### COLLECTED MATERIAL:

►

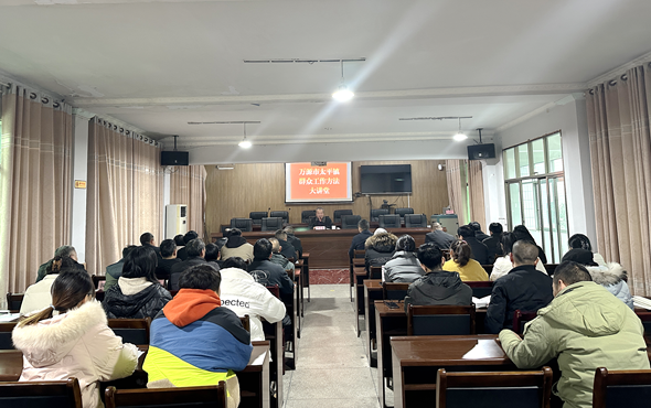 为打造“五劲”战队、争做“三味”干部,着力提升全镇党员干部“业务能力长度、视野格局宽度、政治素养高度”,为全镇拼战乡村振兴、项目建设、托底性帮扶、服务群众、基层治理等重点工作,汇聚“加快追赶、跨越发展”的磅礴动能。12月13日下午,万源市太平镇第一期“长宽高”微课堂正式开班。主要以“如何做好群众工作”为主题,邀请市委政法委四级调研员李寿东老师作专题授课。随后,集体再次学习了《拼战倡议书》。镇党委书记邓小宝同志围绕“为什么拼战、该如何拼战”进行专题辅导。镇领导班子成员、全体干部职工以及各村(社区)党组织书记共计70余人参加本次专题学习。
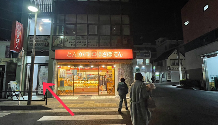 右にまっすぐ進むと、とんかつ屋さん『さぼてん』の看板が見えます。
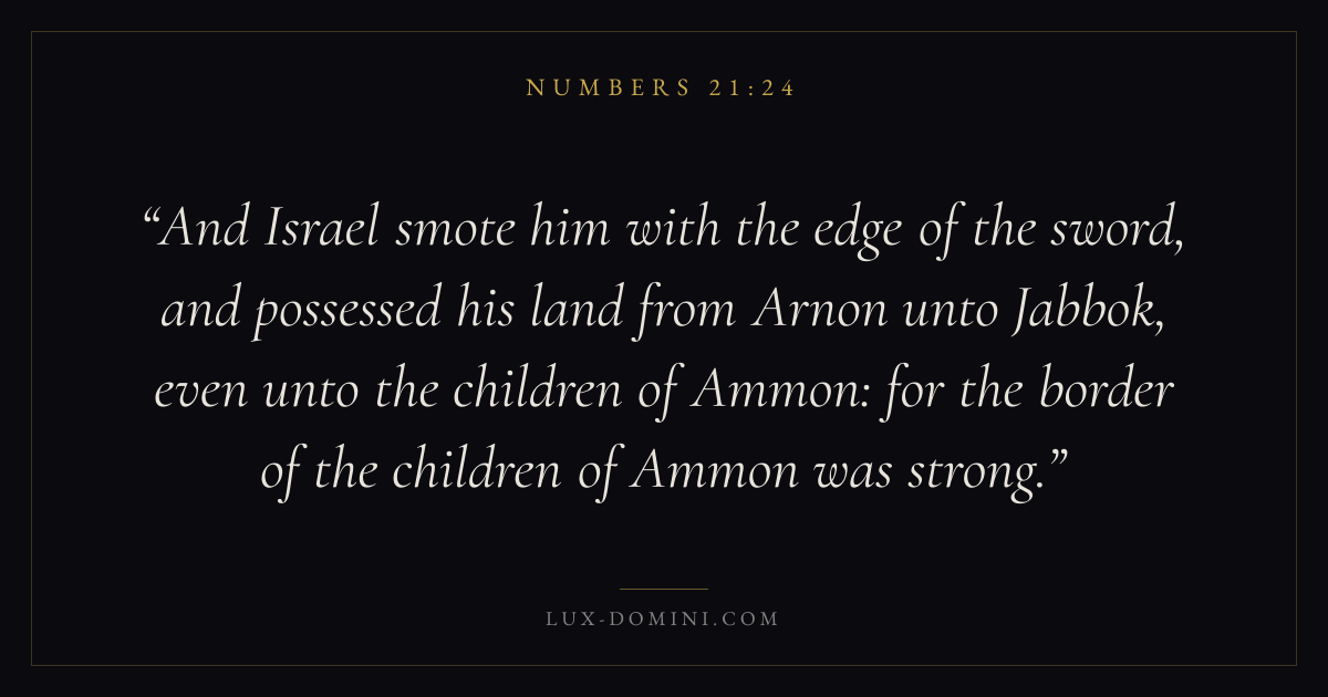 And Israel smote him with the edge of the sword, and possessed his land from Arnon unto Jabbok, even unto the children of Ammon: for the border of the children of Ammon was strong.

◄

### EXERCISE PROMPT:
If pictures appear in the data, omit them and copy all other parts exactly.

### OUTPUT OF THE TASK:
 为打造“五劲”战队、争做“三味”干部,着力提升全镇党员干部“业务能力长度、视野格局宽度、政治素养高度”,为全镇拼战乡村振兴、项目建设、托底性帮扶、服务群众、基层治理等重点工作,汇聚“加快追赶、跨越发展”的磅礴动能。12月13日下午,万源市太平镇第一期“长宽高”微课堂正式开班。主要以“如何做好群众工作”为主题,邀请市委政法委四级调研员李寿东老师作专题授课。随后,集体再次学习了《拼战倡议书》。镇党委书记邓小宝同志围绕“为什么拼战、该如何拼战”进行专题辅导。镇领导班子成员、全体干部职工以及各村(社区)党组织书记共计70余人参加本次专题学习。
 右にまっすぐ進むと、とんかつ屋さん『さぼてん』の看板が見えます。
 And Israel smote him with the edge of the sword, and possessed his land from Arnon unto Jabbok, even unto the children of Ammon: for the border of the children of Ammon was strong.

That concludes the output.